- WORK TO COMPLETE
Your transcription must include every record word for word and no pictures.

- RECORDS SHOWN
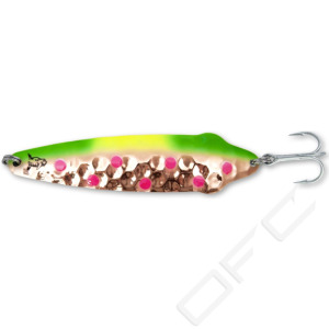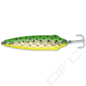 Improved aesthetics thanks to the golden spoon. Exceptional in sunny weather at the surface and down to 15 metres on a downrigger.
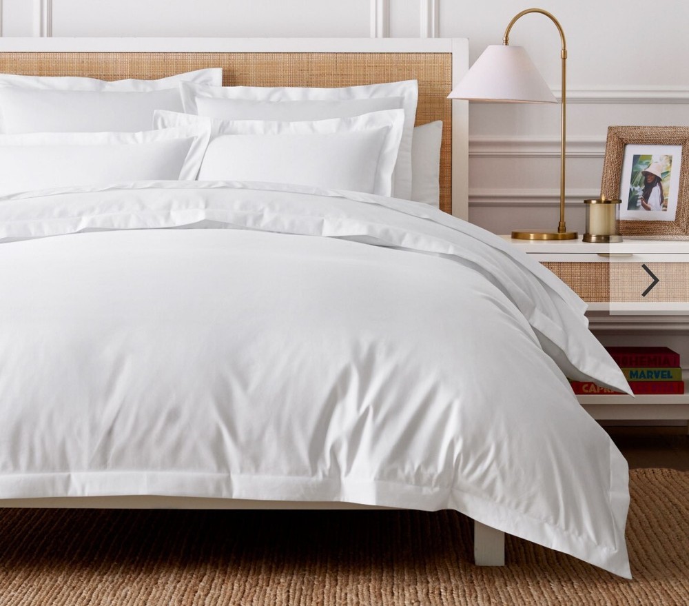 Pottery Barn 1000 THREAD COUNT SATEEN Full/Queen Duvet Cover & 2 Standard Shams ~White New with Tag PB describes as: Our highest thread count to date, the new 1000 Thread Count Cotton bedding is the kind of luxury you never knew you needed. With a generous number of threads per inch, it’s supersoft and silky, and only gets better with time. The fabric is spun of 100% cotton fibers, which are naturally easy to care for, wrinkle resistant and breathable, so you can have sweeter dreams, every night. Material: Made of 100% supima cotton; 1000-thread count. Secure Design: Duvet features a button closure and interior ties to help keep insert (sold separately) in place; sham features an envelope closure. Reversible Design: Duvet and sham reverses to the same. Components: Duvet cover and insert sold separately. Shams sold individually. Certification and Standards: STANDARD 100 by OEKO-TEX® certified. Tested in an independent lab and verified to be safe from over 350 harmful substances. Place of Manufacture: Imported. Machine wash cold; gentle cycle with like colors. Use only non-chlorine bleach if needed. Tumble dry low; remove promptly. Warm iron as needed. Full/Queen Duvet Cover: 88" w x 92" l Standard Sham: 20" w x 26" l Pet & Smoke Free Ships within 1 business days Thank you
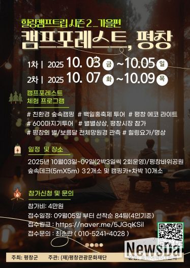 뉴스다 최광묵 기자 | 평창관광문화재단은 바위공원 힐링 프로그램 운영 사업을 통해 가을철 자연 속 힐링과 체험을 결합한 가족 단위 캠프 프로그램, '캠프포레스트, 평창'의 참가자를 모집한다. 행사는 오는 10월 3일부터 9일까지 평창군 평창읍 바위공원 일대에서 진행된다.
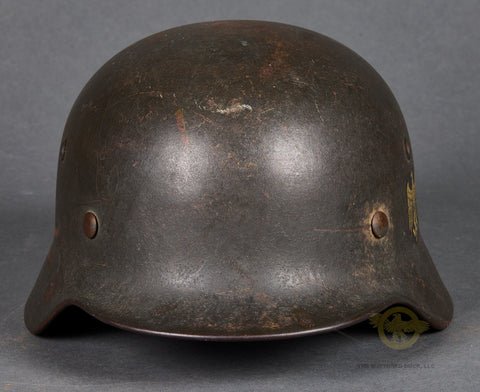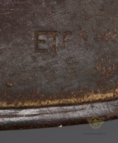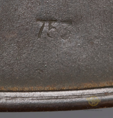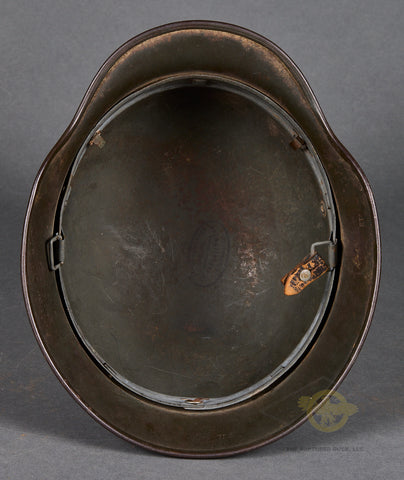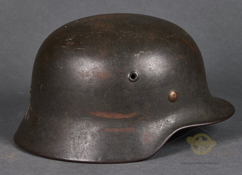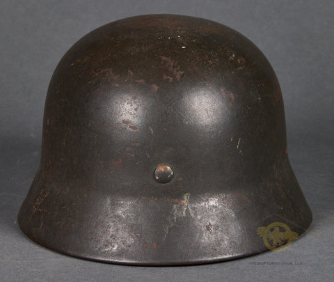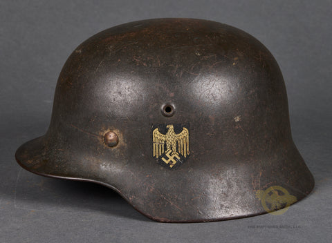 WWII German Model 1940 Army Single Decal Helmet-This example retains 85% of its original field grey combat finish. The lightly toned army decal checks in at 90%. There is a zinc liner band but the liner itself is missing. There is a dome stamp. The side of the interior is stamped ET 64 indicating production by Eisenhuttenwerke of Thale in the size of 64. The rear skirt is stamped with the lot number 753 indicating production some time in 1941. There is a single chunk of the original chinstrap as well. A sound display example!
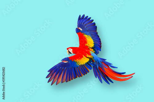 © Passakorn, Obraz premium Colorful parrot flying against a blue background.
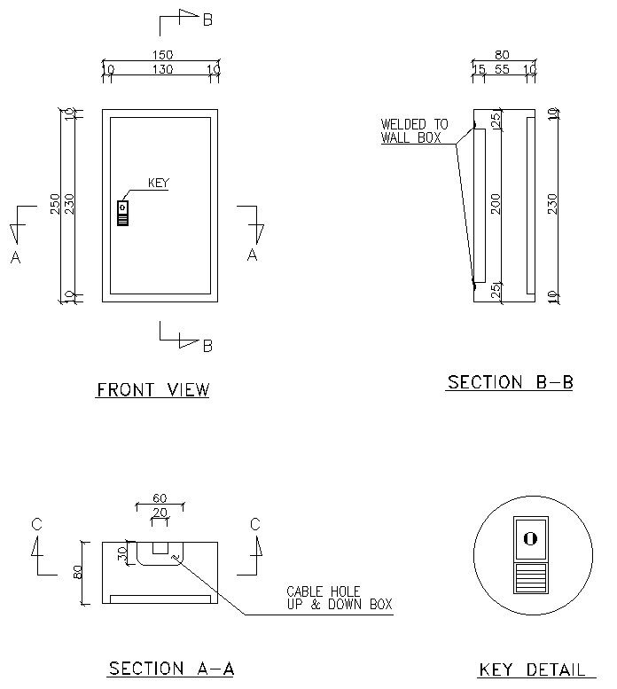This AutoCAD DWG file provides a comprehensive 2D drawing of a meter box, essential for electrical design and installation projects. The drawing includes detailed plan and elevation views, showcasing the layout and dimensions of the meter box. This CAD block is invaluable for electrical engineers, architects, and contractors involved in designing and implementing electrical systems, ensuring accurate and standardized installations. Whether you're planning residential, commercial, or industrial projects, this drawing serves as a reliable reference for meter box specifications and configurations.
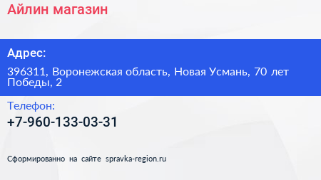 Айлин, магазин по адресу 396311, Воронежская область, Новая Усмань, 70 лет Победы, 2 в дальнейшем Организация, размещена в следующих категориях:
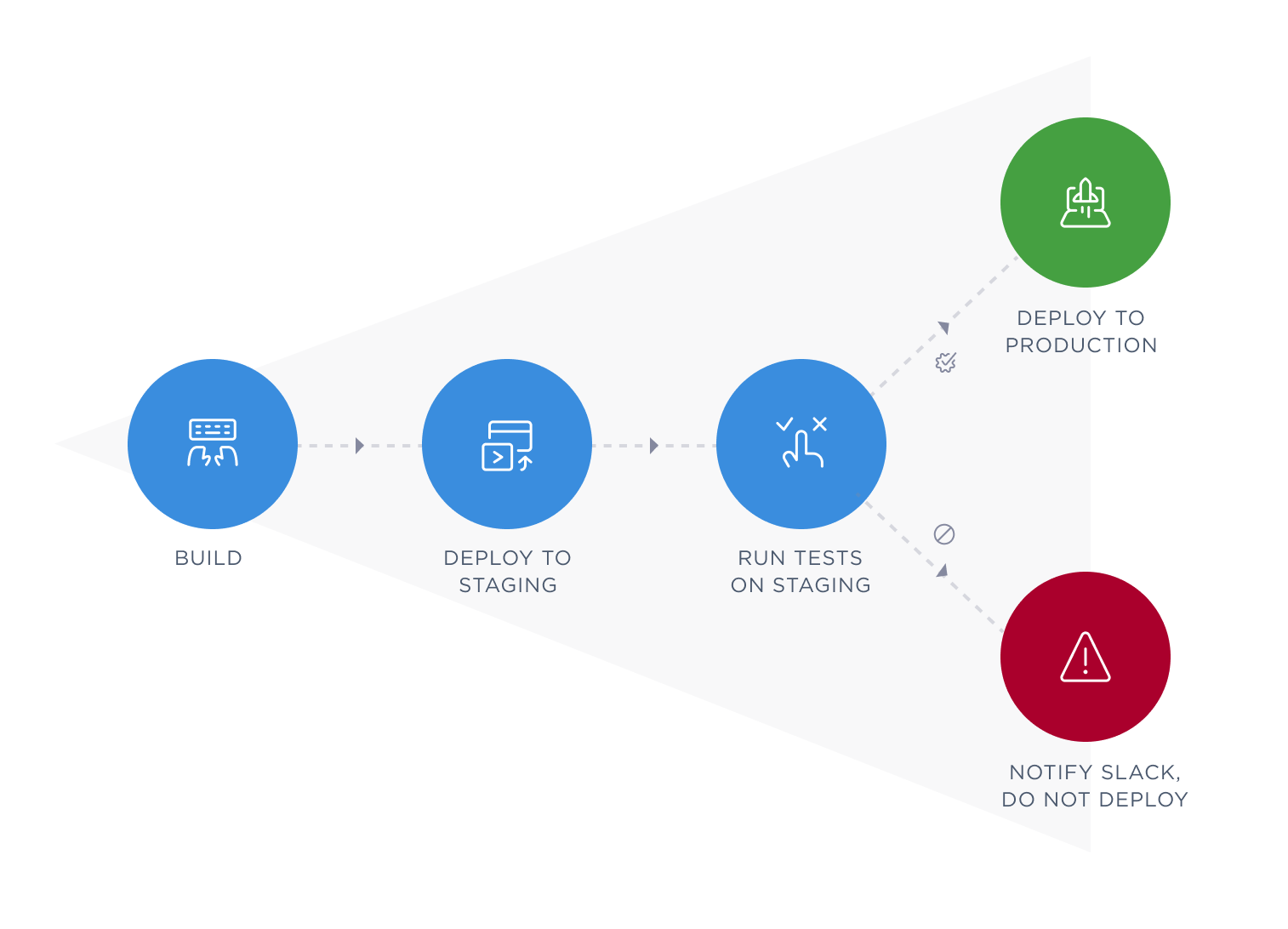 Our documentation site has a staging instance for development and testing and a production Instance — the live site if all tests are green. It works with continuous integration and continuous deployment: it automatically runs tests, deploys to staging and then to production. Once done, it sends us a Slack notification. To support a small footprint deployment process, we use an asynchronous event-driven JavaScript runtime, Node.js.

- COMPLETED EXERCISE
 Improved aesthetics thanks to the golden spoon. Exceptional in sunny weather at the surface and down to 15 metres on a downrigger.
 Pottery Barn 1000 THREAD COUNT SATEEN Full/Queen Duvet Cover & 2 Standard Shams ~White New with Tag PB describes as: Our highest thread count to date, the new 1000 Thread Count Cotton bedding is the kind of luxury you never knew you needed. With a generous number of threads per inch, it’s supersoft and silky, and only gets better with time. The fabric is spun of 100% cotton fibers, which are naturally easy to care for, wrinkle resistant and breathable, so you can have sweeter dreams, every night. Material: Made of 100% supima cotton; 1000-thread count. Secure Design: Duvet features a button closure and interior ties to help keep insert (sold separately) in place; sham features an envelope closure. Reversible Design: Duvet and sham reverses to the same. Components: Duvet cover and insert sold separately. Shams sold individually. Certification and Standards: STANDARD 100 by OEKO-TEX® certified. Tested in an independent lab and verified to be safe from over 350 harmful substances. Place of Manufacture: Imported. Machine wash cold; gentle cycle with like colors. Use only non-chlorine bleach if needed. Tumble dry low; remove promptly. Warm iron as needed. Full/Queen Duvet Cover: 88" w x 92" l Standard Sham: 20" w x 26" l Pet & Smoke Free Ships within 1 business days Thank you
 뉴스다 최광묵 기자 | 평창관광문화재단은 바위공원 힐링 프로그램 운영 사업을 통해 가을철 자연 속 힐링과 체험을 결합한 가족 단위 캠프 프로그램, '캠프포레스트, 평창'의 참가자를 모집한다. 행사는 오는 10월 3일부터 9일까지 평창군 평창읍 바위공원 일대에서 진행된다.
 WWII German Model 1940 Army Single Decal Helmet-This example retains 85% of its original field grey combat finish. The lightly toned army decal checks in at 90%. There is a zinc liner band but the liner itself is missing. There is a dome stamp. The side of the interior is stamped ET 64 indicating production by Eisenhuttenwerke of Thale in the size of 64. The rear skirt is stamped with the lot number 753 indicating production some time in 1941. There is a single chunk of the original chinstrap as well. A sound display example!
 © Passakorn, Obraz premium Colorful parrot flying against a blue background.
This AutoCAD DWG file provides a comprehensive 2D drawing of a meter box, essential for electrical design and installation projects. The drawing includes detailed plan and elevation views, showcasing the layout and dimensions of the meter box. This CAD block is invaluable for electrical engineers, architects, and contractors involved in designing and implementing electrical systems, ensuring accurate and standardized installations. Whether you're planning residential, commercial, or industrial projects, this drawing serves as a reliable reference for meter box specifications and configurations.
 Айлин, магазин по адресу 396311, Воронежская область, Новая Усмань, 70 лет Победы, 2 в дальнейшем Организация, размещена в следующих категориях:
 Our documentation site has a staging instance for development and testing and a production Instance — the live site if all tests are green. It works with continuous integration and continuous deployment: it automatically runs tests, deploys to staging and then to production. Once done, it sends us a Slack notification. To support a small footprint deployment process, we use an asynchronous event-driven JavaScript runtime, Node.js.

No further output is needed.